The PSC filed the Section 206 complaint in April, contending that the return on equity in the unit power sales agreement (UPSA) formula rate for calculating the costs of the Grand Gulf Nuclear Station billed to Entergy’s operating companies is unjust and unreasonable. The state regulator contested SERI’s capital structure and the depreciation rates currently incorporated into its rates, and it asked FERC to set the complaint for hearing and reset SERI’s ROE, equity ratio and depreciation rates to a just and reasonable level.
The commission’s Aug. 24 order granted the PSC’s complaint about the ROE element, establishing hearing and settlement judge procedures and setting a refund effective date of April 27. It denied the capital structure elements and dismissed the depreciation rate elements.
Louisiana regulators charged that SERI’s ROE of 10.94% was calculated based on a record “developed in the mid-1990s,” saying that conditions have changed significantly since then, as investor return requirements, interest rates and inflation have decreased.
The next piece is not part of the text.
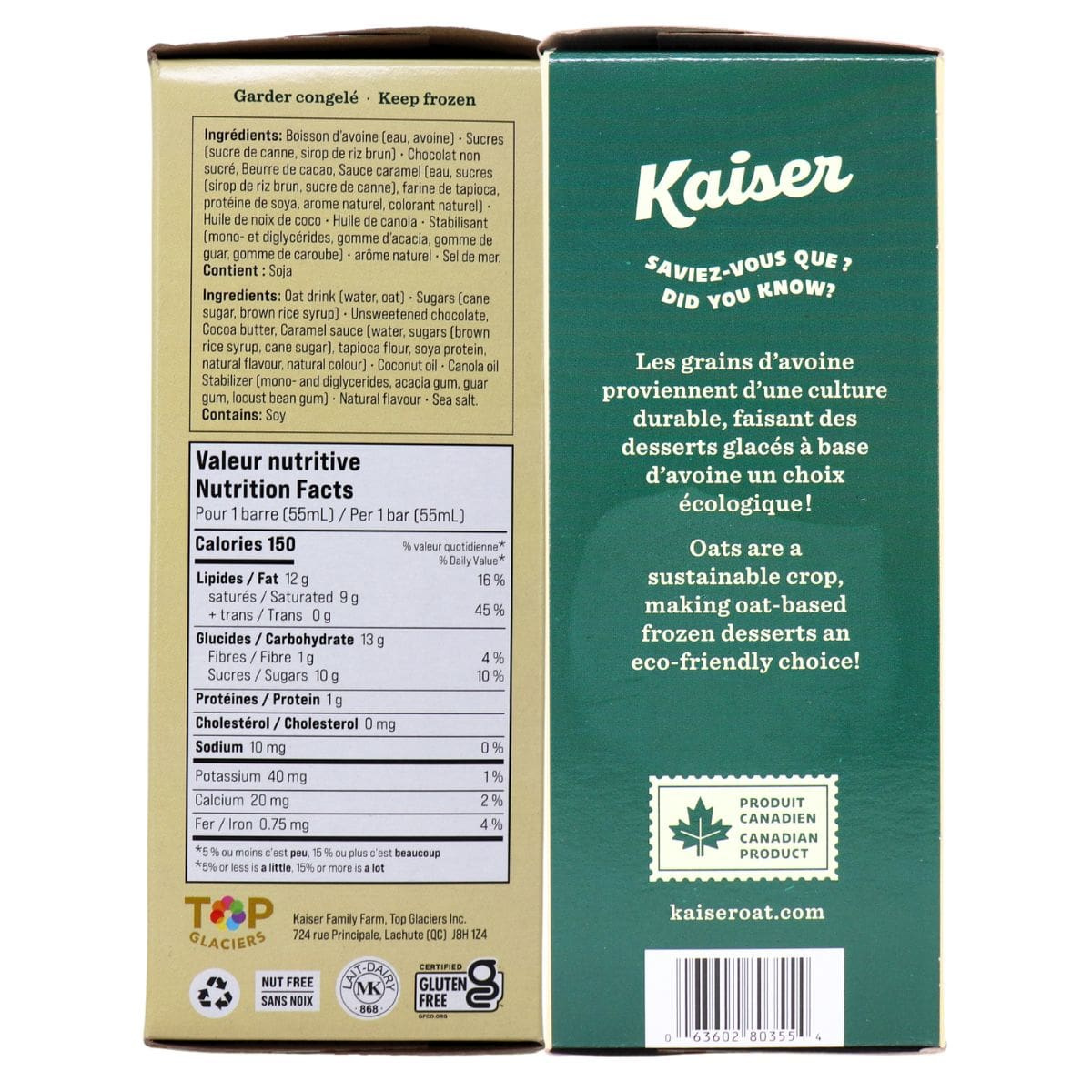 Caramel sweetness and creamy vanilla blend together in these oat-based frozen dessert bars dipped in smooth vegan chocolate. Kaiser Salted Caramel Vegan Frozen Dessert Bars swirl a creamy vanilla centre with caramel for warm sweetness and a touch of salt that settles softly in every bite.Â

They argued that SERI’s equity investor and shareholders faced almost no risk because the company sells Grand Gulf’s entire output to four utilities that are wholly owned by Entergy and are obligated by the UPSA to buy the power regardless of the amount delivered.
FERC found the Louisiana commission raised issues of material fact that it couldn’t resolve, and it set the complaint for investigation and a Section 206 trial-type evidentiary hearing. It encouraged the parties to make every effort to settle their disputes before hearing procedures begin.
Commission Approves Settlement Between Entergy, Parties
The commission last week also approved a settlement among SERI, the Arkansas, Louisiana and Mississippi commissions, Cooperative Energy, and New Orleans City Council, addressing issues regarding the depreciation rates to be applied under SERI’s UPSA (ER17-2219).
SERI amended the agreement between itself and its operating companies in 2017 to revise the depreciation rates used to calculate Grand Gulf’s depreciation and amortization expenses and update the depreciation rates for use in calculating the plant’s annual revenue requirement for decommissioning costs.